# Traveller Not Running



## MTCowles (Nov 5, 2013)

Won't run unless the crown is held in the fully wound position, take the tension off the crown turns 1/4 and stops running.anyone any idea on my next step? I have tried releasing the spring over and rewinding but the watch is still the same,

Maybe time to invest in some watch tools and strip it?


----------



## andyclient (Aug 1, 2009)

Sounds like it is going to need a service , something is a bit gummed up and won't run under normal spring power , but when you increase the power/tension it runs hopefully a strip clean and oil will sort it , i'm guessing it will

cheers

Andy


----------



## MTCowles (Nov 5, 2013)

That's very helpful thanks. Will look into getting it serviced


----------



## antony (Dec 28, 2007)

Good old fashion movement ,I agree probabally a good clean & a service.

Great thing about it is ebay is full of those movement, so if you decide to have a go there are parts available.

Or you could just find some nice atch maker to do it for you.

I'm a bit out of touch on how much it cost to do them so can't give you a cost , some one will know.


----------



## Will Fly (Apr 10, 2012)

A clean and service by a professional watch man or horologist is going to cost around Â£100, depending whereabouts you are.


----------



## MTCowles (Nov 5, 2013)

I think buying some tools and having a play myself would be most fun.

I guess a lot of googleing and asking questions on the forum will get me through.

Would love to get stuck into it myself.

Just have to save up for some good tools as I'm guessing screwdriver set from this years Christmas crackers won't be good enough haha.

Thanks for the help.


----------



## antony (Dec 28, 2007)

If your thinking about having a go yourself.

1st buy a couple of old clocks , have a go at taking them apart ,then put them together again & again & again.

If you are sucsessfull , read lots of book & get an eye glass.

Its not as easy as you think , its just easy to break it.

Have you any pics.


----------



## MTCowles (Nov 5, 2013)

I do have an old smith mantle clock i picked up for a tenner at a car boot that runs.

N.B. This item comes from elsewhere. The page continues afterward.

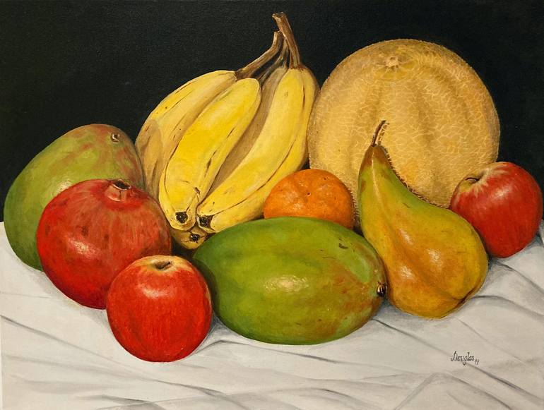 This captivating oil painting bursts with the richness of a tropical harvest. Bananas, melon, and mangos radiate golden hues, while pomegranate, apples, pears, and tangerine offer vibrant splashes of colour. Each fruit is rendered with lush detail, creating a harmonious celebration of nature’s sweet...
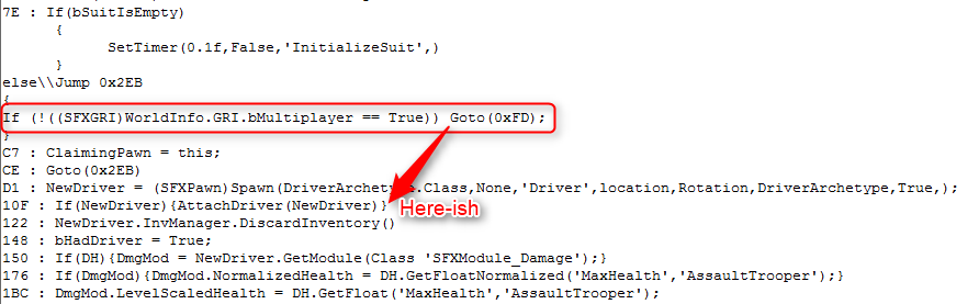 This is an if statement where the Global Replication Info (GRI) is checked to see if it is multiplayer, which it is. The ! at the start is a not, so if it is not multiplayer, jump to 0xFD, which is a hex address offset, which goes past a few lines of code. So essentially, if it is singleplayer, skip the next two or three lines. Additionally at CE we have another Goto/Jump statement, down to 0x2EB. This is beyond all of the driver initialization part where an assault trooper is loaded and assigned health and such.

Fairly large so hopefully be able to see what I'm doing.

I haven't worked out the photos yet. Am not very good with internet and computers.


----------



## MTCowles (Nov 5, 2013)




----------



## antony (Dec 28, 2007)

Wonderfull pictures, I have a couple of these walthams myself , considering there getting on for almost 100 years old not looking too bad.


----------



## MTCowles (Nov 5, 2013)

Yeah right! Most you see have been looked after. Camera hasn't done the dusty corners knooks and crannys inside justice though haha.


----------